Она заглядывала повсюду, искала и находила почти неуловимые отметки на прежних, не смененных обоях, снова видела те причудливые образы, которые наша фантазия создает из рисунков тканей, из прожилок мрамора, из теней на потолках, потемневших от времени.
Она неслышными шагами ходила одна по огромному безмолвному дому, точно по кладбищу. Вся ее жизнь покоилась в нем. Она спустилась в гостиную. Там было темно от запертых ставен, и она некоторое время ничего не видела; потом глаза ее привыкли к темноте, и ей мало-помалу удалось разглядеть высокие шпалеры, где порхали птицы.
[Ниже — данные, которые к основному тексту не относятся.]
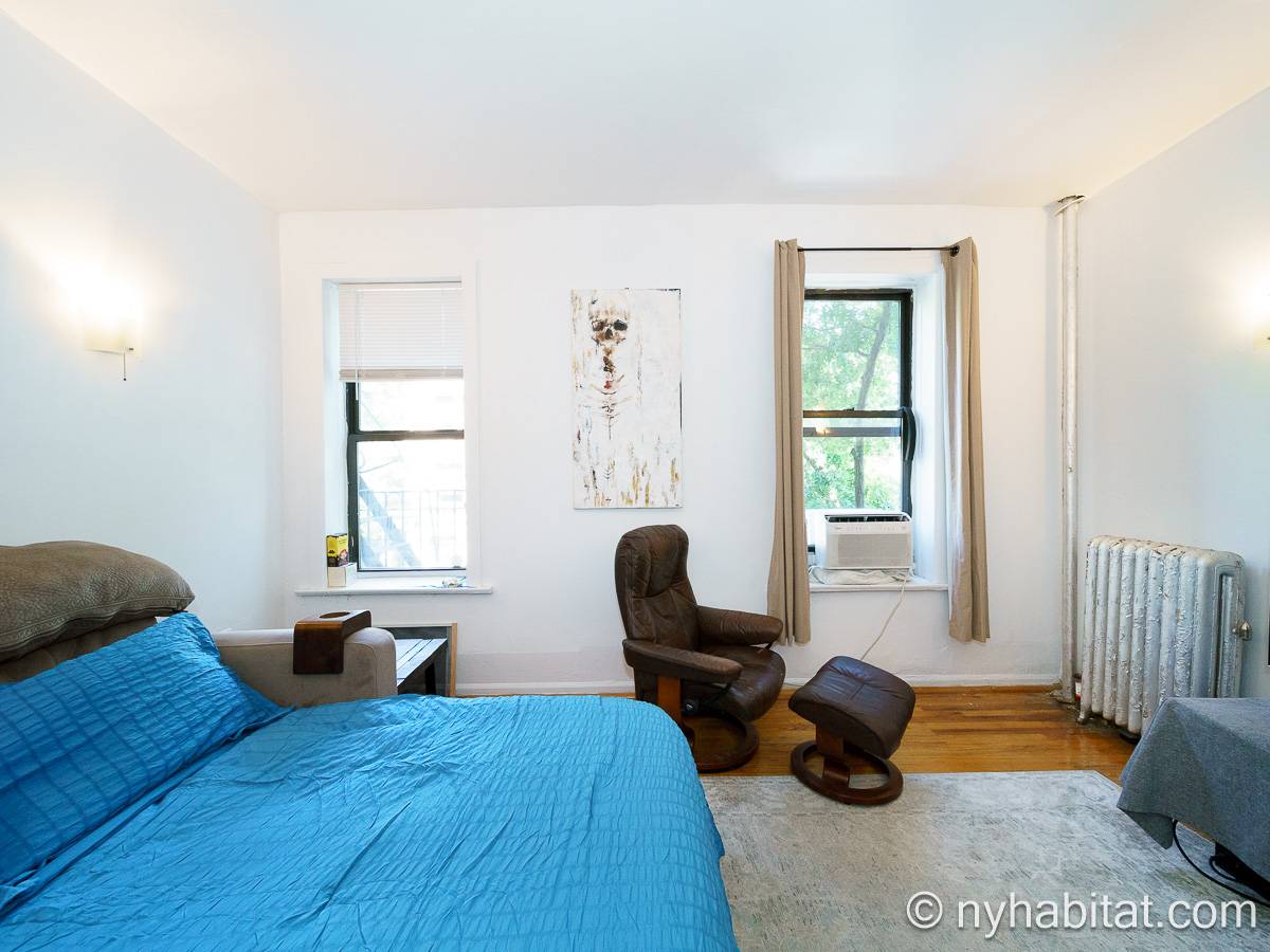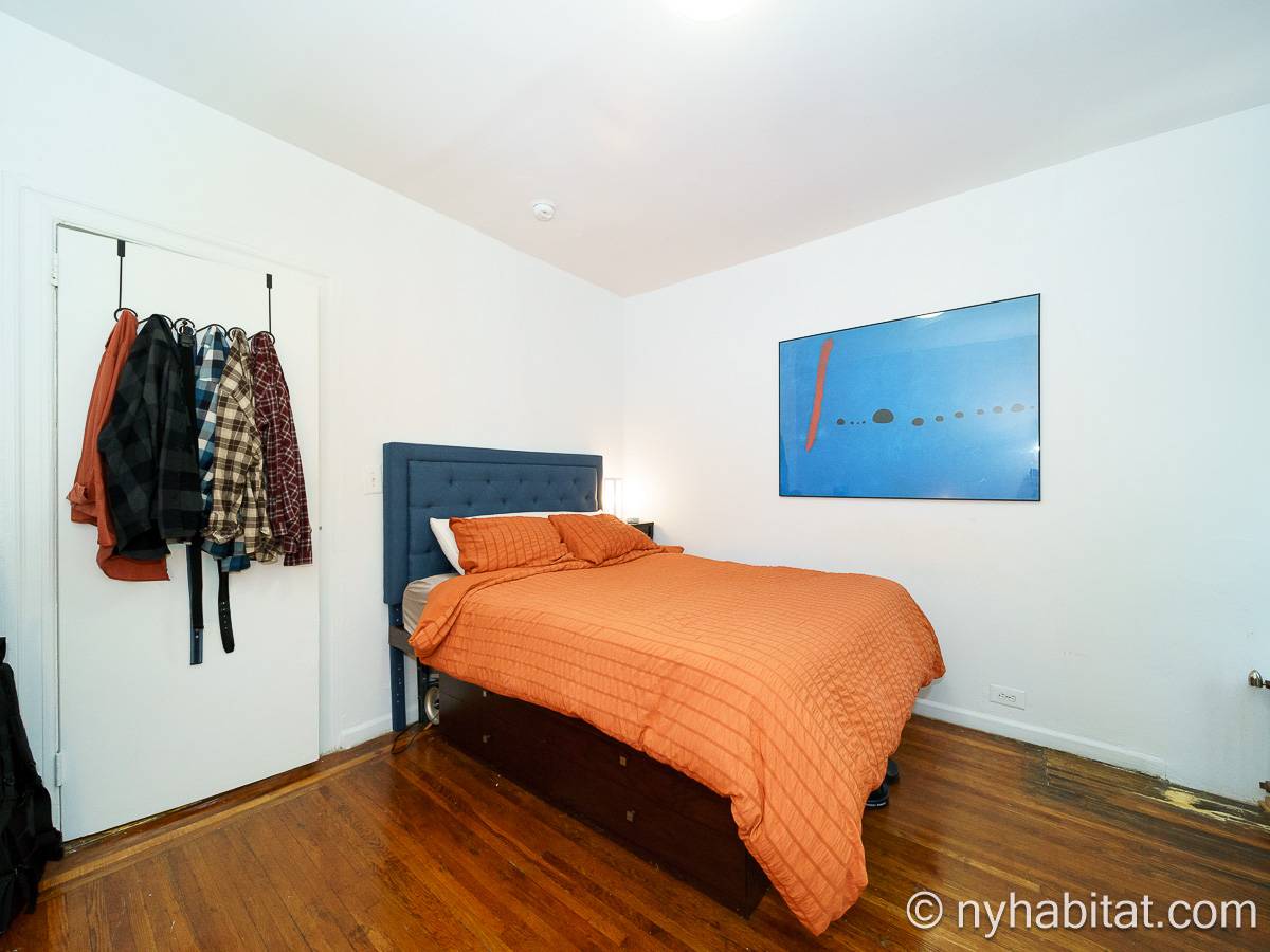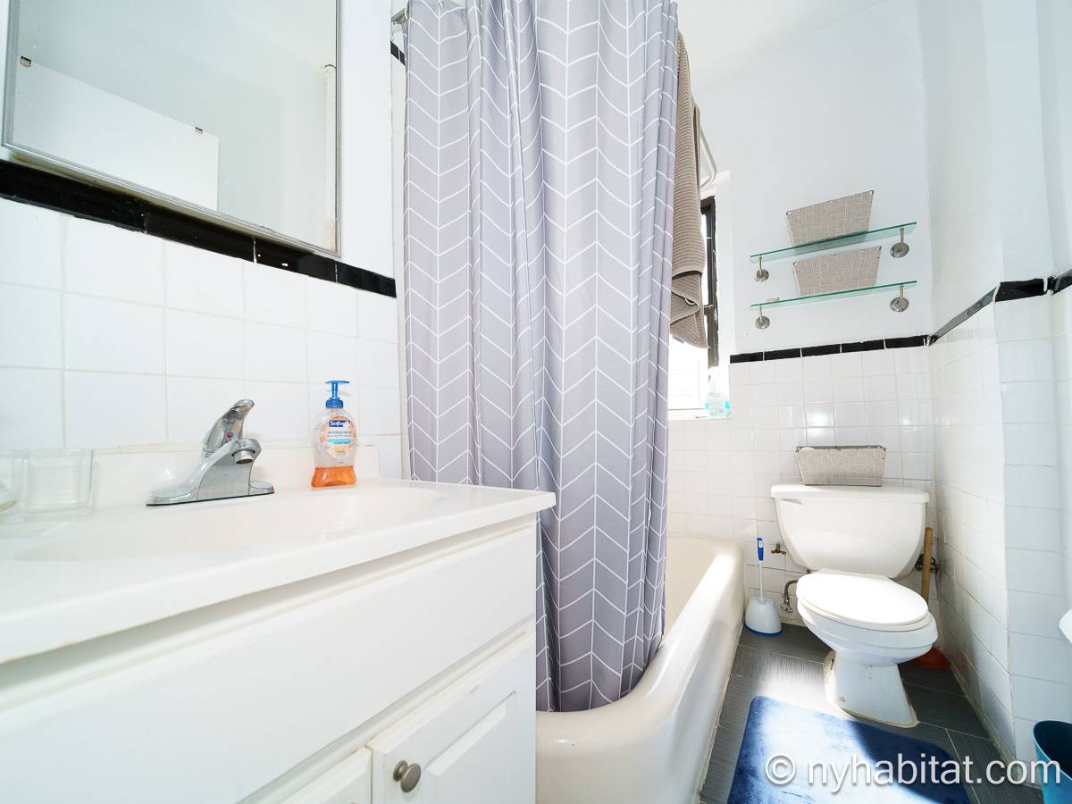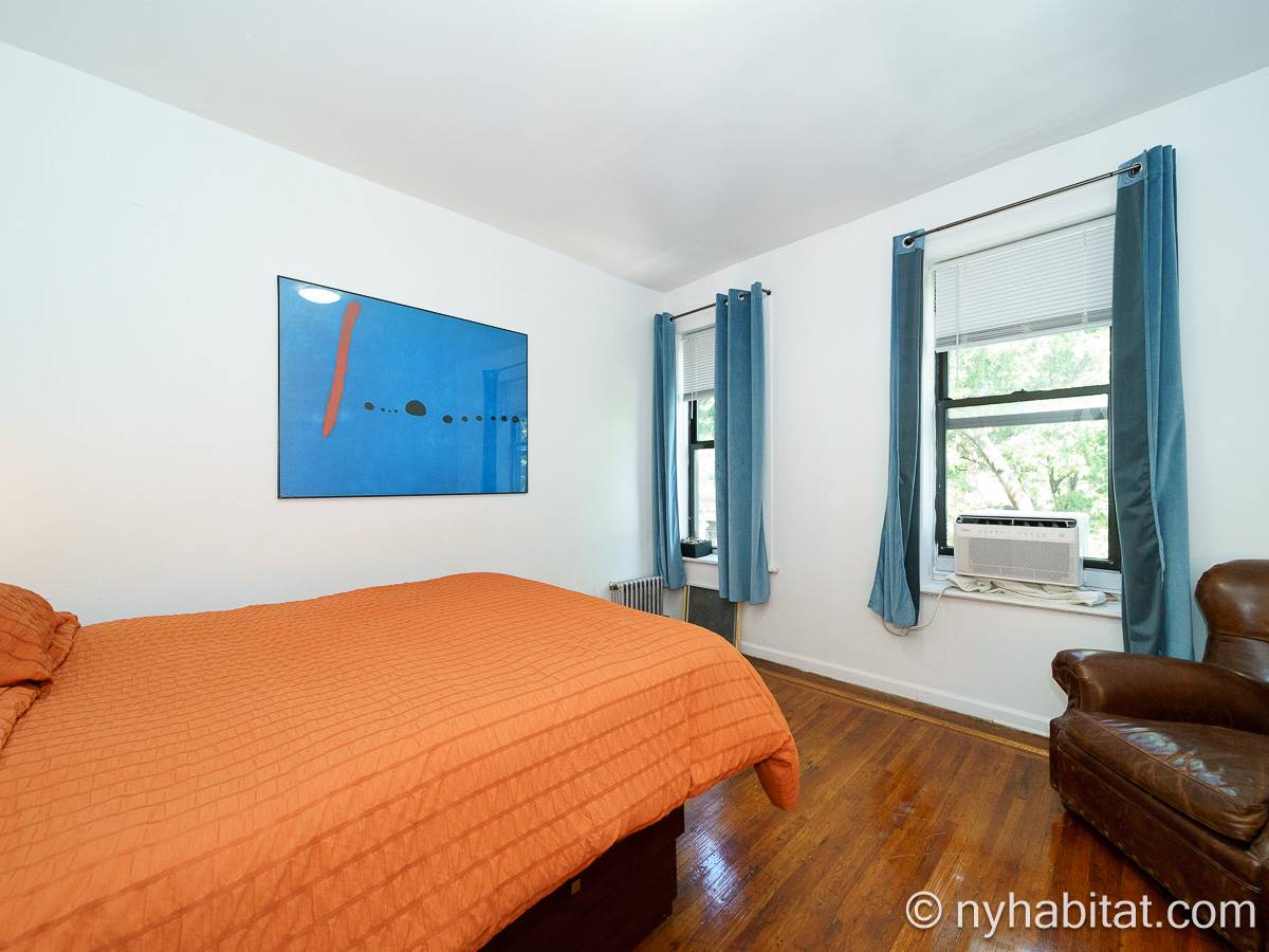 Questo appartamento ammobiliato di circa 77 m2 situato a Upper Manhattan si trova al secondo piano (equivalente al primo piano europeo) vicino all’angolo tra 148th Street e Convent Avenue. Oltre alle camere da letto, comprende anche una zona giorno e una cucina. La zona giorno dispone di un tavolo da pranzo, mentre la cucina indipendente è dotata di frigorifero, freezer, forno, microonde, macchina del caffè e tostapane. In entrambe le camere da letto ci sono delle finestre affacciate sull’esterno, aria condizionata e letti queen size. La seconda camera da letto offre anche di una televisione. Nel bagno è disponibile una doccia con vasca a incasso e spazio sotto al lavandino per riporre i vostri effetti personali.

Два кресла по-прежнему стояли у камина, как будто их только что покинули, и даже самый запах комнаты, ее особый запах, как у людей бывает свои, этот слабый, но вполне ощутимый, неопределенный и милый запах старинных покоев проникал в Жанну, обволакивал ее воспоминаниями, дурманил ей мозг. Она стояла, задыхаясь, впивая дыхание прошлого и не сводя глаз с двух кресел. И вдруг в мгновенной галлюцинации, порожденной навязчивой идеей, ей привиделось, — нет, она увидела, как видела столько раз, — что отец и мать сидят и греют ноги у огня.
Она отшатнулась в ужасе, наткнулась на дверь и прислонилась к ней, чтобы не упасть, но при этом не отрывала взгляда от кресел.
Видение исчезло.
Несколько минут она была как безумная; потом овладела собой и хотела бежать, чтобы не сойти совсем с ума. Взгляд ее случайно упал на косяк двери, на который она опиралась, и она увидела «лесенку Пуле».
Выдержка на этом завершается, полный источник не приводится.